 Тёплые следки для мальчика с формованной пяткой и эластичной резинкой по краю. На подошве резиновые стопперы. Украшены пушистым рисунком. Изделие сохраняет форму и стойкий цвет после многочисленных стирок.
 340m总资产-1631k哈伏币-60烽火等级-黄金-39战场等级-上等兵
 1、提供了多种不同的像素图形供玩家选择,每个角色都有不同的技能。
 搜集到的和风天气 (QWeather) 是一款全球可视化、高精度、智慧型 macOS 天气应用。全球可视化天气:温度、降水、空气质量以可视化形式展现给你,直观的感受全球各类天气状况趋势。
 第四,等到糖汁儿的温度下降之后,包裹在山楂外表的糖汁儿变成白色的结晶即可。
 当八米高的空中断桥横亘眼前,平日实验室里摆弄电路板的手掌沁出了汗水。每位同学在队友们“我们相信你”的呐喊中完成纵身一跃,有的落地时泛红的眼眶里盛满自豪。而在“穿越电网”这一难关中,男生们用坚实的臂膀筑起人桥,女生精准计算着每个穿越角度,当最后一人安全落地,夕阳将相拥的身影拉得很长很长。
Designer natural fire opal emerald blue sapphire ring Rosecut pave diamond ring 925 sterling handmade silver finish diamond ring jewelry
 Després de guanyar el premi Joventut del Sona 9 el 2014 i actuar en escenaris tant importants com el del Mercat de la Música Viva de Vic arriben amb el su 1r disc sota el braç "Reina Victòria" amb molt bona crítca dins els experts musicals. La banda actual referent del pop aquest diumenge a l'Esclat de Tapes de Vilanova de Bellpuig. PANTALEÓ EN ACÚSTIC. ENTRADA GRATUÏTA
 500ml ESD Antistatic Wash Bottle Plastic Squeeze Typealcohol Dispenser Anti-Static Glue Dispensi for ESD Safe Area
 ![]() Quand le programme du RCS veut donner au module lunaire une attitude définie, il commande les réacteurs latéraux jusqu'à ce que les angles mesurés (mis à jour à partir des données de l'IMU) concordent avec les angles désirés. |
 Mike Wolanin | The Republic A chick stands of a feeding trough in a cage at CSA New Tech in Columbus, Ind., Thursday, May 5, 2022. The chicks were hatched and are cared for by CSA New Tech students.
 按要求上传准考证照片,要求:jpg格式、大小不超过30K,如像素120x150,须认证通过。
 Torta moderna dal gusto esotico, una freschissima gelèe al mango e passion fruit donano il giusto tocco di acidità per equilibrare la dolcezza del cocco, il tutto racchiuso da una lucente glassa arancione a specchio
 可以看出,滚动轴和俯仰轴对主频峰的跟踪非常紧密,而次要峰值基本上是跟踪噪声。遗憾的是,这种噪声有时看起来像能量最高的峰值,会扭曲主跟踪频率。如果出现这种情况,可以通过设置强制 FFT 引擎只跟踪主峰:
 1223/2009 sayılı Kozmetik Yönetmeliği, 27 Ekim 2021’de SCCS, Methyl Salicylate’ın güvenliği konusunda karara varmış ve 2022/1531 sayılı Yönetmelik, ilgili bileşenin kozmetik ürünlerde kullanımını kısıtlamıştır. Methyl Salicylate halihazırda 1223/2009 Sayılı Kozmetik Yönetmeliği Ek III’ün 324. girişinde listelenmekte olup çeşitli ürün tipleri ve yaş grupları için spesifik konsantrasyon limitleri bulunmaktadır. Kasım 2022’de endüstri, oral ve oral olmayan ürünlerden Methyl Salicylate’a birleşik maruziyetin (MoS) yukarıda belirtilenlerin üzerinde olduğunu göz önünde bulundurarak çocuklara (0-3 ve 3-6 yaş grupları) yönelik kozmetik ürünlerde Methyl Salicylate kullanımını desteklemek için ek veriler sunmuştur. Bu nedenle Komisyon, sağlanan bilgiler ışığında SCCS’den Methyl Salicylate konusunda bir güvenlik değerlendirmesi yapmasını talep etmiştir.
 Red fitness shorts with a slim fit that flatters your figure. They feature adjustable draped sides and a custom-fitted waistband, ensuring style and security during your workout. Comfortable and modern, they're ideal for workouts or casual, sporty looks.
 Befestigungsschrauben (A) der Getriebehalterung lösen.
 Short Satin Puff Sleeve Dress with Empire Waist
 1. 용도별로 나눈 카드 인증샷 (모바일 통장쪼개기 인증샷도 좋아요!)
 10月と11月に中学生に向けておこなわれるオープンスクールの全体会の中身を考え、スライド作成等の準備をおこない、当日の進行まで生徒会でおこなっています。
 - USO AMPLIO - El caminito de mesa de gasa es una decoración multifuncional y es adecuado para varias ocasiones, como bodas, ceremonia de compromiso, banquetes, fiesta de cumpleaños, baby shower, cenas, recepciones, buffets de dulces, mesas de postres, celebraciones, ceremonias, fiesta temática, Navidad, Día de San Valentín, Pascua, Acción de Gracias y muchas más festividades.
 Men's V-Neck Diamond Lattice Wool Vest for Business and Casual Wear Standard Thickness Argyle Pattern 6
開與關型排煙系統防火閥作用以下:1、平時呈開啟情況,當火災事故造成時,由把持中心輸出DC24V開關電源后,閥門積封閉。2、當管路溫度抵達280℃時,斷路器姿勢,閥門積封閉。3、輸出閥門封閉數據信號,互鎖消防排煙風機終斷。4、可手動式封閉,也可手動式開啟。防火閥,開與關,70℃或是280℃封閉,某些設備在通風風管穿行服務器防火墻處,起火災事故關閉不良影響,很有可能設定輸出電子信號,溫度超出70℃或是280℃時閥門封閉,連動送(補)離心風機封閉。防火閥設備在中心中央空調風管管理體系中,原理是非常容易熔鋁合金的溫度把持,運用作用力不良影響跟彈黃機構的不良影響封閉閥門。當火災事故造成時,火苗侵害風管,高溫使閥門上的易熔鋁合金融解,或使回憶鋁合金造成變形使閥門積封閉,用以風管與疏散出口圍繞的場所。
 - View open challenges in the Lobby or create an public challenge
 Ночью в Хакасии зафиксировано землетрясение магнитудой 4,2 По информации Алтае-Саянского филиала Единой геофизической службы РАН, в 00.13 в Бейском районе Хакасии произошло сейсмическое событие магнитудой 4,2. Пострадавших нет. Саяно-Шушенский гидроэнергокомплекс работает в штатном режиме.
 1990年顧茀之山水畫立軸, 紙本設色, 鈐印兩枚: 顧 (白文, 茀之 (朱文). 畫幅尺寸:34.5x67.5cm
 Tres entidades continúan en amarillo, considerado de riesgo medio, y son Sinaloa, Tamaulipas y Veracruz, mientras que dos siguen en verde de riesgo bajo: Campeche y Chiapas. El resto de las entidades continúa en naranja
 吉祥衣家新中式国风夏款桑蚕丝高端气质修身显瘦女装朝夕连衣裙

★ ★ ★ ★ ★ ★ ★

Your instructions: Copy the data exactly as it was presented.

Your solution:
 Тёплые следки для мальчика с формованной пяткой и эластичной резинкой по краю. На подошве резиновые стопперы. Украшены пушистым рисунком. Изделие сохраняет форму и стойкий цвет после многочисленных стирок.
 340m总资产-1631k哈伏币-60烽火等级-黄金-39战场等级-上等兵
 1、提供了多种不同的像素图形供玩家选择,每个角色都有不同的技能。
 搜集到的和风天气 (QWeather) 是一款全球可视化、高精度、智慧型 macOS 天气应用。全球可视化天气:温度、降水、空气质量以可视化形式展现给你,直观的感受全球各类天气状况趋势。
 第四,等到糖汁儿的温度下降之后,包裹在山楂外表的糖汁儿变成白色的结晶即可。
 当八米高的空中断桥横亘眼前,平日实验室里摆弄电路板的手掌沁出了汗水。每位同学在队友们“我们相信你”的呐喊中完成纵身一跃,有的落地时泛红的眼眶里盛满自豪。而在“穿越电网”这一难关中,男生们用坚实的臂膀筑起人桥,女生精准计算着每个穿越角度,当最后一人安全落地,夕阳将相拥的身影拉得很长很长。
Designer natural fire opal emerald blue sapphire ring Rosecut pave diamond ring 925 sterling handmade silver finish diamond ring jewelry
 Després de guanyar el premi Joventut del Sona 9 el 2014 i actuar en escenaris tant importants com el del Mercat de la Música Viva de Vic arriben amb el su 1r disc sota el braç "Reina Victòria" amb molt bona crítca dins els experts musicals. La banda actual referent del pop aquest diumenge a l'Esclat de Tapes de Vilanova de Bellpuig. PANTALEÓ EN ACÚSTIC. ENTRADA GRATUÏTA
 500ml ESD Antistatic Wash Bottle Plastic Squeeze Typealcohol Dispenser Anti-Static Glue Dispensi for ESD Safe Area
 ![]() Quand le programme du RCS veut donner au module lunaire une attitude définie, il commande les réacteurs latéraux jusqu'à ce que les angles mesurés (mis à jour à partir des données de l'IMU) concordent avec les angles désirés. |
 Mike Wolanin | The Republic A chick stands of a feeding trough in a cage at CSA New Tech in Columbus, Ind., Thursday, May 5, 2022. The chicks were hatched and are cared for by CSA New Tech students.
 按要求上传准考证照片,要求:jpg格式、大小不超过30K,如像素120x150,须认证通过。
 Torta moderna dal gusto esotico, una freschissima gelèe al mango e passion fruit donano il giusto tocco di acidità per equilibrare la dolcezza del cocco, il tutto racchiuso da una lucente glassa arancione a specchio
 可以看出,滚动轴和俯仰轴对主频峰的跟踪非常紧密,而次要峰值基本上是跟踪噪声。遗憾的是,这种噪声有时看起来像能量最高的峰值,会扭曲主跟踪频率。如果出现这种情况,可以通过设置强制 FFT 引擎只跟踪主峰:
 1223/2009 sayılı Kozmetik Yönetmeliği, 27 Ekim 2021’de SCCS, Methyl Salicylate’ın güvenliği konusunda karara varmış ve 2022/1531 sayılı Yönetmelik, ilgili bileşenin kozmetik ürünlerde kullanımını kısıtlamıştır. Methyl Salicylate halihazırda 1223/2009 Sayılı Kozmetik Yönetmeliği Ek III’ün 324. girişinde listelenmekte olup çeşitli ürün tipleri ve yaş grupları için spesifik konsantrasyon limitleri bulunmaktadır. Kasım 2022’de endüstri, oral ve oral olmayan ürünlerden Methyl Salicylate’a birleşik maruziyetin (MoS) yukarıda belirtilenlerin üzerinde olduğunu göz önünde bulundurarak çocuklara (0-3 ve 3-6 yaş grupları) yönelik kozmetik ürünlerde Methyl Salicylate kullanımını desteklemek için ek veriler sunmuştur. Bu nedenle Komisyon, sağlanan bilgiler ışığında SCCS’den Methyl Salicylate konusunda bir güvenlik değerlendirmesi yapmasını talep etmiştir.
 Red fitness shorts with a slim fit that flatters your figure. They feature adjustable draped sides and a custom-fitted waistband, ensuring style and security during your workout. Comfortable and modern, they're ideal for workouts or casual, sporty looks.
 Befestigungsschrauben (A) der Getriebehalterung lösen.
 Short Satin Puff Sleeve Dress with Empire Waist
 1. 용도별로 나눈 카드 인증샷 (모바일 통장쪼개기 인증샷도 좋아요!)
 10月と11月に中学生に向けておこなわれるオープンスクールの全体会の中身を考え、スライド作成等の準備をおこない、当日の進行まで生徒会でおこなっています。
 - USO AMPLIO - El caminito de mesa de gasa es una decoración multifuncional y es adecuado para varias ocasiones, como bodas, ceremonia de compromiso, banquetes, fiesta de cumpleaños, baby shower, cenas, recepciones, buffets de dulces, mesas de postres, celebraciones, ceremonias, fiesta temática, Navidad, Día de San Valentín, Pascua, Acción de Gracias y muchas más festividades.
 Men's V-Neck Diamond Lattice Wool Vest for Business and Casual Wear Standard Thickness Argyle Pattern 6
開與關型排煙系統防火閥作用以下:1、平時呈開啟情況,當火災事故造成時,由把持中心輸出DC24V開關電源后,閥門積封閉。2、當管路溫度抵達280℃時,斷路器姿勢,閥門積封閉。3、輸出閥門封閉數據信號,互鎖消防排煙風機終斷。4、可手動式封閉,也可手動式開啟。防火閥,開與關,70℃或是280℃封閉,某些設備在通風風管穿行服務器防火墻處,起火災事故關閉不良影響,很有可能設定輸出電子信號,溫度超出70℃或是280℃時閥門封閉,連動送(補)離心風機封閉。防火閥設備在中心中央空調風管管理體系中,原理是非常容易熔鋁合金的溫度把持,運用作用力不良影響跟彈黃機構的不良影響封閉閥門。當火災事故造成時,火苗侵害風管,高溫使閥門上的易熔鋁合金融解,或使回憶鋁合金造成變形使閥門積封閉,用以風管與疏散出口圍繞的場所。
 - View open challenges in the Lobby or create an public challenge
 Ночью в Хакасии зафиксировано землетрясение магнитудой 4,2 По информации Алтае-Саянского филиала Единой геофизической службы РАН, в 00.13 в Бейском районе Хакасии произошло сейсмическое событие магнитудой 4,2. Пострадавших нет. Саяно-Шушенский гидроэнергокомплекс работает в штатном режиме.
 1990年顧茀之山水畫立軸, 紙本設色, 鈐印兩枚: 顧 (白文, 茀之 (朱文). 畫幅尺寸:34.5x67.5cm
 Tres entidades continúan en amarillo, considerado de riesgo medio, y son Sinaloa, Tamaulipas y Veracruz, mientras que dos siguen en verde de riesgo bajo: Campeche y Chiapas. El resto de las entidades continúa en naranja
 吉祥衣家新中式国风夏款桑蚕丝高端气质修身显瘦女装朝夕连衣裙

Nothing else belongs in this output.